• Work task: Retype the entries below word for word, leaving out every picture.

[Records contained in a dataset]
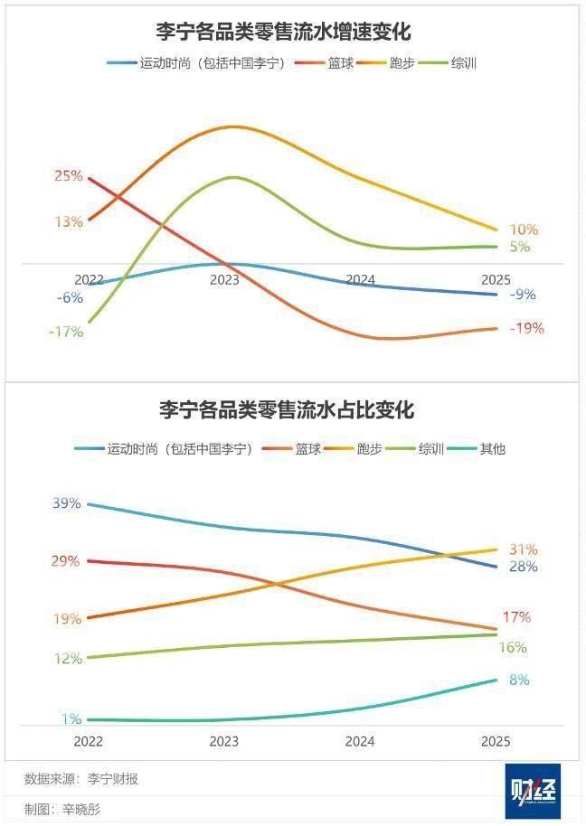 財報顯示,2022年以來,李寧運動時尚品類零售流水持續負增長,流水的整體佔比從2022年的39%下降至28%;籃球品類在2021年、2022年高速增長後,2023年起下滑明顯加快,流水佔比從2022年的29%下滑至17%。
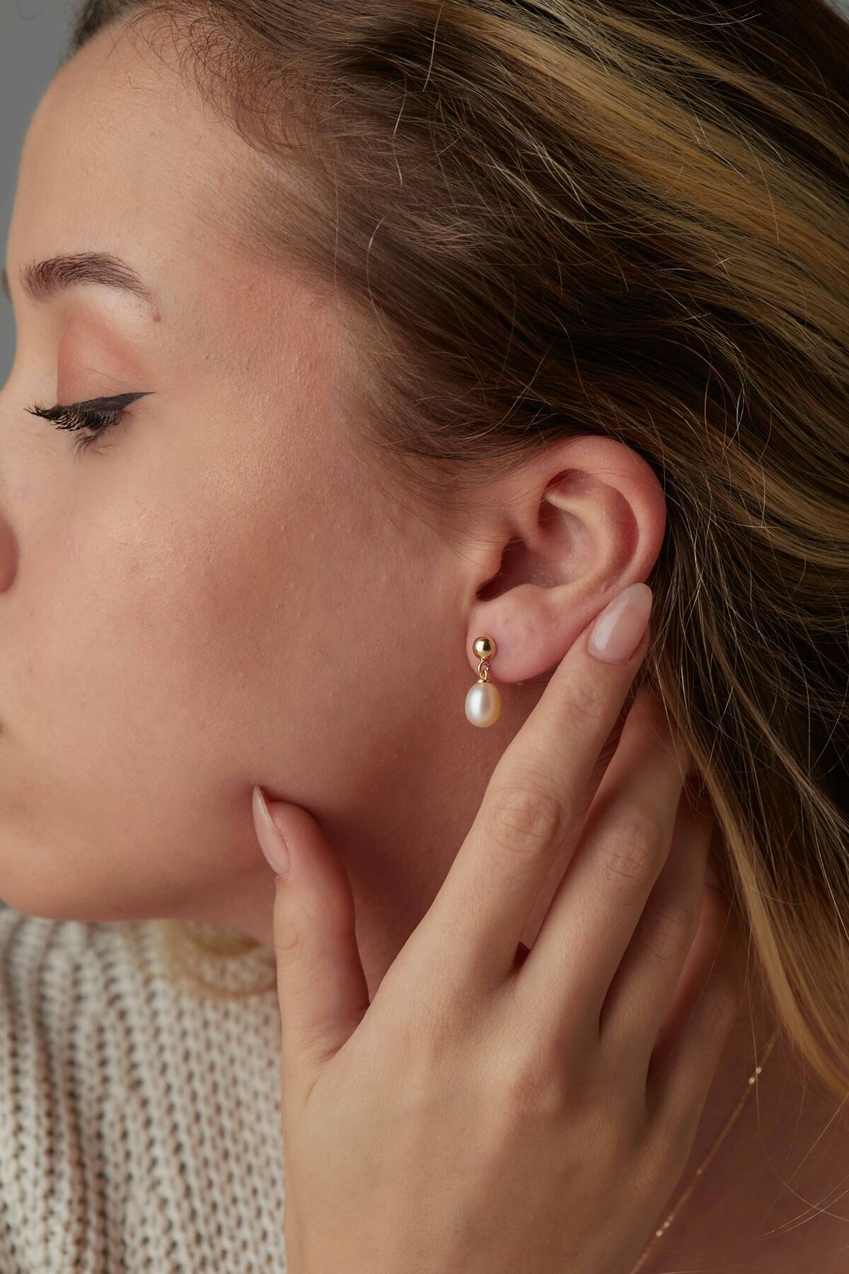 Kolyecik 14 Ayar Altın İnci Küpe
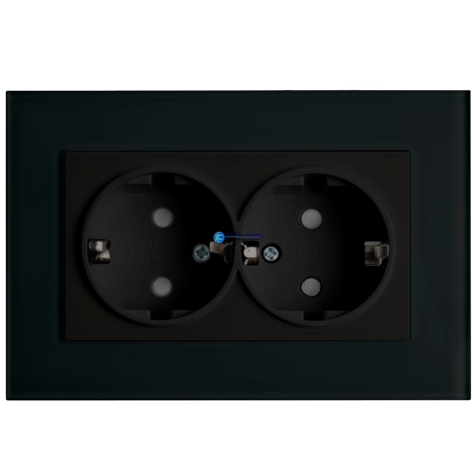 Розетка двухместная с/з,с защитной шторкой,250В, 16А, серия Эрна, черный, код 39482, производитель Stekker
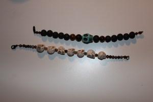 Jeg har brukt svart smykkewire og lås på alle armbåndene og perler fra Panduro Hobby.
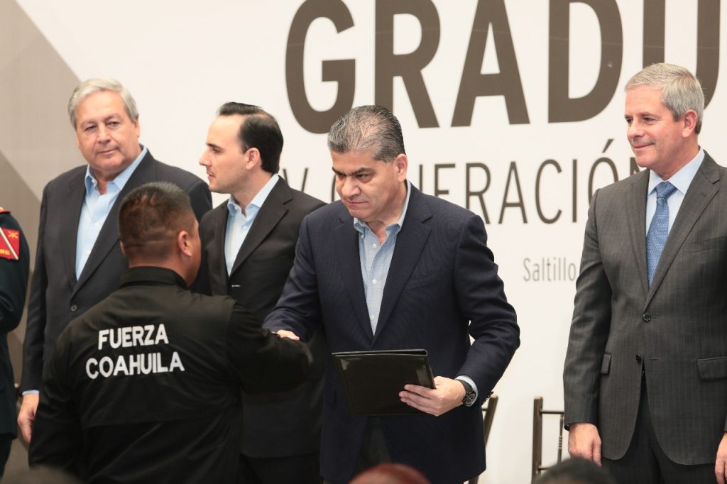 «Los policías en Coahuila van a ganar hasta 24 mil pesos y van a ir en escalafón, de acuerdo al modelo organizacional… y a los tres meses ya tienen derecho a buscar el escalafón… el que quiere seguir siendo policía dentro del organigrama que nosotros llamamos policía civil, tiene derecho al ascenso de acuerdo a su actuación, los que de ellos son nombrados comandantes tienen derecho a otro tipo de ascenso y los que son encargados de grupo también tienen derecho a otro tipo de sueldo y ascenso», expuso.

• Solution:
 財報顯示,2022年以來,李寧運動時尚品類零售流水持續負增長,流水的整體佔比從2022年的39%下降至28%;籃球品類在2021年、2022年高速增長後,2023年起下滑明顯加快,流水佔比從2022年的29%下滑至17%。
 Kolyecik 14 Ayar Altın İnci Küpe
 Розетка двухместная с/з,с защитной шторкой,250В, 16А, серия Эрна, черный, код 39482, производитель Stekker
 Jeg har brukt svart smykkewire og lås på alle armbåndene og perler fra Panduro Hobby.
 «Los policías en Coahuila van a ganar hasta 24 mil pesos y van a ir en escalafón, de acuerdo al modelo organizacional… y a los tres meses ya tienen derecho a buscar el escalafón… el que quiere seguir siendo policía dentro del organigrama que nosotros llamamos policía civil, tiene derecho al ascenso de acuerdo a su actuación, los que de ellos son nombrados comandantes tienen derecho a otro tipo de ascenso y los que son encargados de grupo también tienen derecho a otro tipo de sueldo y ascenso», expuso.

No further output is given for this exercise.